His breath caught, surely breath he did not have. “As am I,” came the equally soft whisper of warm lips against her ear.

She wasn’t sure how long they remained in the embrace, the pleasure of human closeness. The erection slowly returned, but he made no advances, and she could not ignore the aching hardness of her nipples beneath her clothing and the clench below her belly that made her want to move still closer, to shift and squirm and wrap herself around him as he had her. Instead, she indulged the embrace, relishing his nearness, marveling at what it felt like to have maleness engulf her in safety, even to perhaps desire her a little, or at least the comfort of her body. It was a long time before she felt solid footing beneath her feet and Ascent-7 spoke out loud this time. “They have gone. They are no longer scanning the salvage yard.” Utility lighting came on just enough to illuminate a corridor that was not a part of Len’s short context with the computer. The embrace disappeared, though she sensed as she recovered her balance, that should she stumble, Ascent would not allow her to fall. “Come,” he said, and the path ahead of her illuminated still further revealing pristine white walls with a metallic sheen. “You must rehydrate and eat, then you may have a shower.”

“I have questions.” She followed him down the corridor. “Lots of questions.”

“I shall give you what answers I may,” came the reply, “Once you have refreshed yourself and rested.”

“Do you know who it was scanning us?” She asked as they stepped into a lift.

“I do not. I feel that I should, but I do not. I feel strongly that we must not reveal ourselves.”

“They’re after you, not me.” It wasn’t a question. It was a fact. She was no one anyone would ever look for, and that was just the way she planned to keep it.

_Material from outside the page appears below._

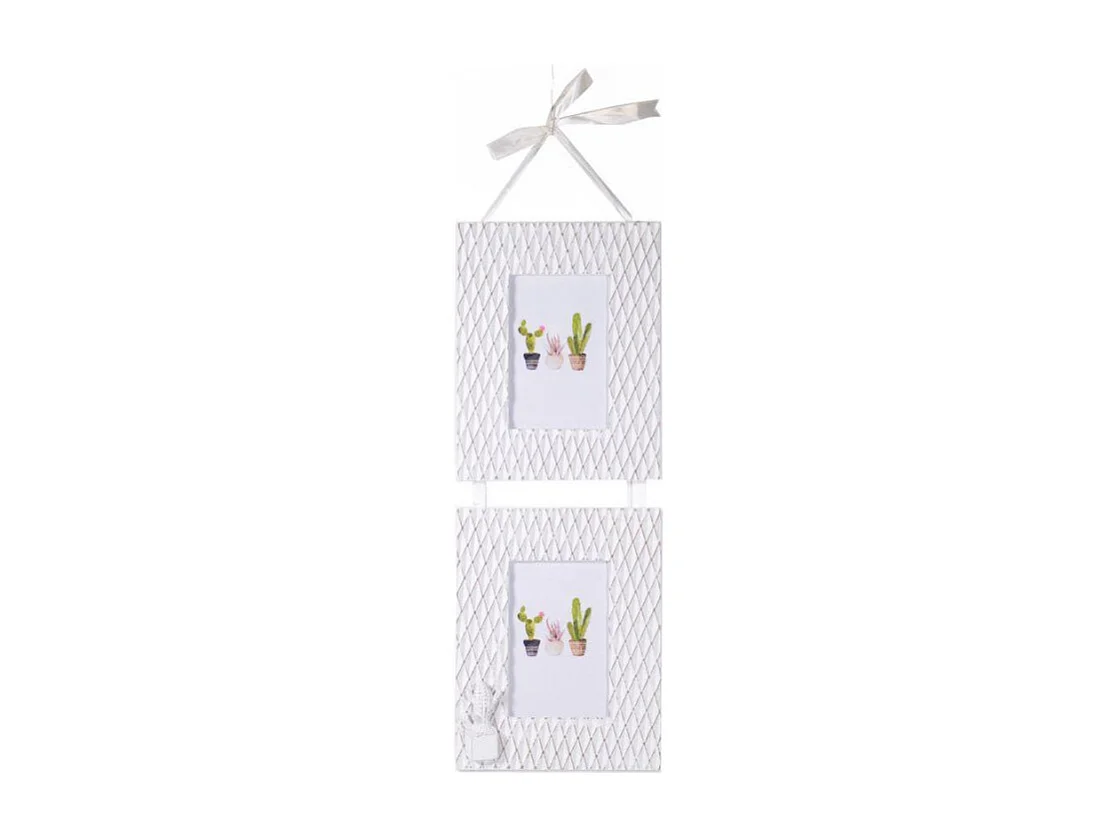 Portafoto muro cactus legno bianco multiplo 2p cm 19x58x1

“Perhaps.” The doors of the lift closed around her and her stomach dropped at the speed of the ascent.

“You’re a big ship?”

“My size is irrelevant,” came the reply. Silence returned and for a moment she was afraid he would once again give her the silent treatment. When the elevator stopped, they turned at a junction that almost instantly brought them to the open door of her chamber. The smell coming from inside was exquisite and she realized for the first time since she had broke and run just how hungry she was. This time the drink in the glass was bright orange. It was accompanied by a pitcher of water. “What is it?”

“Only another variation in the electrolyte formula I have been serving you. This one will boost any nutrients and minerals you have lost from your flight in the Shimmer, since clearly you did not partake liberally of the water I provided.”

“Sorry,” she said, downing the contents of the glass in thirsty gulps. “I’m not used to having any spare water.”

“You could have sustained severe damage from the heat.”

She smiled as she dug into a pasta dish she could not identify, but it was divine. “You don’t need to baby me,” she said around a mouthful, which she chased with a glass of water.

“I do not wish to have you damaged again after you were so difficult to repair in the first place.”

“Ascent,” she sat down the glass and wiped sweaty palms on her trousers. “Ascent, how badly damaged was I? I mean I remember falling before I blacked out. I couldn’t make the leap. The only other thing I remember after that was waking up in the darkness and knowing someone was there. I thought perhaps the Religiosers were right and maybe there was an afterlife. I thought I was dead.”

“You were dead, Lenore,” came the reply, “and I could not remember how to fix you.

He said something after that, but she heard nothing over the beating of wings in her ears and her struggle to breathe.